5) DON’T lack visibility.

Prior to the last 15 years, a shipper sent products and called the provider every few days to confirm if freight was delivered. Between delivery and documentation, it could take another three weeks to receive backup. (Holy inefficiency!) Some companies still do it this way, which is friendly, but a relatively unproductive system - and it becomes extremely problematic when it causes customer dissatisfaction that leads to loss of revenue. 

6) DO leverage real-time data visibility.

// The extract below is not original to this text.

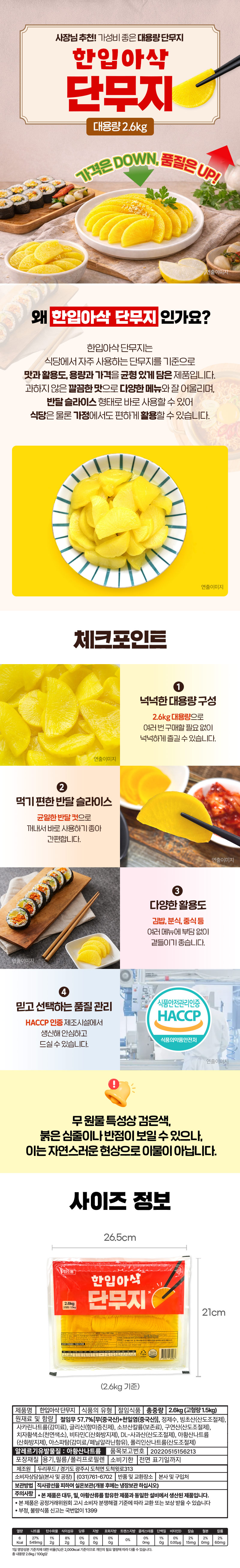★초특가★ 한입아삭 단무지(반달 2.6Kg/EA) 업소용 대용량 반달 단무지

By using an automated transportation management system (TMS), real-time visibility and data integrity become assets to your business. A platform that raises visibility helps manage customer expectations and creates a higher rate of satisfaction. Additionally, if there appear to be any issues throughout the lifetime of the shipment, these can be addressed right away and minimize the risk of other potential issues that could come to light as a result. Through this process, real-time updates and delivery documentation are a breeze. 

7) DON’T accept chargeback fees as the cost of doing business.

Sometimes companies shipping products are found to be out of compliance by those accepting the items. A receiver may find your company to be out of compliance for many reasons including receiving your products later than the due date or the Proof of Delivery (POD) was not signed. Both issues seem like understandable reasons to accrue penalties, but what caused the shipment to miss its due date? Why wasn’t that POD signed?  Most companies chalk up these charges as just part of the process for what they do and pay the fees rather than ask questions. In reality, these fees can be avoided. 

8) DO investigate chargebacks and penalties, and read through all policies.

It is extremely important to be aware of all your customers’ receiving policies and rules pertaining to due dates, receiving procedures, and accessorials expectations. This includes documentation from proof of delivery to damages. Once you are aware of all the policies, review all fines, chargebacks, and penalties you have or are receiving to understand the justification for these deductions. While your company could be found out of compliance for many reasons, it is quite possible that you, as a shipper, are not at fault. Instead, a policy of the receiver or carrier is causing the non-compliance issue to occur. A good portion of these fees can be eliminated with systemic fixes. If you are working with an outsourced provider, may sure they take the time to review the instances and investigate along with you. 

9) DON’T only involve one part of the company in the supply chain solution.

When you limit involvement to a portion of the company involved in the supply chain, it can be extremely difficult to bring others up to speed on what is going on. When you require a specific department’s assistance, you will likely lack the means to get the right players in place in a timely manner. So instead, include everyone involved to ensure there is proper communication and adequate buy-in.

10) DO use a top-down solution.

It is in your best interest to inform and include everyone in your company about how your supply chain operates and is maintained. This may include sharing your strategy and goals with not only your outsourced provider, leaders, and shipping department, but also your finance, customer service, and sales departments, among others. Without a top-down strategy that allows information to flow to all, you may find it difficult to pull value from the above-mentioned suggestions. 

Leave the Old School Ways Behind

Start moving toward a holistic approach to your logistics. Push your business to outgrow some of the don’ts in your supply chain so you can remove the challenge of working with antiquated practices and instead, gain a competitive edge.